A HupS-GFP fusion protein demonstrates a heterocyst-specific localization of the uptake hydrogenase in Nostoc punctiforme.

All diazotrophic filamentous cyanobacteria contain an uptake hydrogenase that is involved in the reoxidation of H(2) produced during N(2) -fixation. In Nostoc punctiforme ATCC 29133, N(2) -fixation takes place in the microaerobic heterocysts, catalysed by a nitrogenase. Although the function of the uptake hydrogenase may be closely connected to that of nitrogenase, the localization in cyanobacteria has been under debate. Moreover, the subcellular localization is not understood. To investigate the cellular and subcellular localization of the uptake hydrogenase in N. punctiforme, a reporter construct consisting of the green fluorescent protein (GFP) translationally fused to HupS, within the complete hupSL operon, was constructed and transferred into N. punctiforme on a self-replicative vector by electroporation. Expression of the complete HupS-GFP fusion protein was confirmed by Western blotting using GFP antibodies. The N. punctiforme culture expressing HupS-GFP was examined using laser scanning confocal microscopy, and fluorescence was exclusively detected in the heterocysts. Furthermore, the fluorescence in mature heterocysts was localized to several small or fewer large clusters, which indicates a specificity of the subcellular localization of the uptake hydrogenase.

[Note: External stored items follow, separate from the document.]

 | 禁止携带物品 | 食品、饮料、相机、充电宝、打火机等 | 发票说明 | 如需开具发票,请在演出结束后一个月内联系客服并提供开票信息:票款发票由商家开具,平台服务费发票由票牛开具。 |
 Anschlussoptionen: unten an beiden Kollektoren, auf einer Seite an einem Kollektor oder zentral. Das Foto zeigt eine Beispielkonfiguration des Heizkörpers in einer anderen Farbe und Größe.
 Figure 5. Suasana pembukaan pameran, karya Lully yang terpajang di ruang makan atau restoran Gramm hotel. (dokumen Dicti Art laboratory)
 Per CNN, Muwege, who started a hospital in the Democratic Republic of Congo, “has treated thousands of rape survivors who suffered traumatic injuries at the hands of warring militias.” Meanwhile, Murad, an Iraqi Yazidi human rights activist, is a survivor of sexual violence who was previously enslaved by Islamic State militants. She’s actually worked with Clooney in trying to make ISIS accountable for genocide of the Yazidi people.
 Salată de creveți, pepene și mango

Design and characterization of molecular tools for a Synthetic Biology approach towards developing cyanobacterial biotechnology.

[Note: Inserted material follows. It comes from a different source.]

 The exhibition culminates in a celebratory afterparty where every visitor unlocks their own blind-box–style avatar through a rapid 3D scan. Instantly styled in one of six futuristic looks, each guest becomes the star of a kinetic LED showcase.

Cyanobacteria are suitable for sustainable, solar-powered biotechnological applications. Synthetic biology connects biology with computational design and an engineering perspective, but requires efficient tools and information about the function of biological parts and systems. To enable the development of cyanobacterial Synthetic Biology, several molecular tools were developed and characterized: (i) a broad-host-range BioBrick shuttle vector, pPMQAK1, was constructed and confirmed to replicate in Escherichia coli and three different cyanobacterial strains. (ii) The fluorescent proteins Cerulean, GFPmut3B and EYFP have been demonstrated to work as reporter proteins in cyanobacteria, in spite of the strong background of photosynthetic pigments. (iii) Several promoters, like P(rnpB) and variants of P(rbcL), and a version of the promoter P(trc) with two operators for enhanced repression, were developed and characterized in Synechocystis sp. strain PCC6803. (iv) It was shown that a system for targeted protein degradation, which is needed to enable dynamic expression studies, is working in Synechocystis sp. strain PCC6803. The pPMQAK1 shuttle vector allows the use of the growing numbers of BioBrick parts in many prokaryotes, and the other tools herein implemented facilitate the development of new parts and systems in cyanobacteria.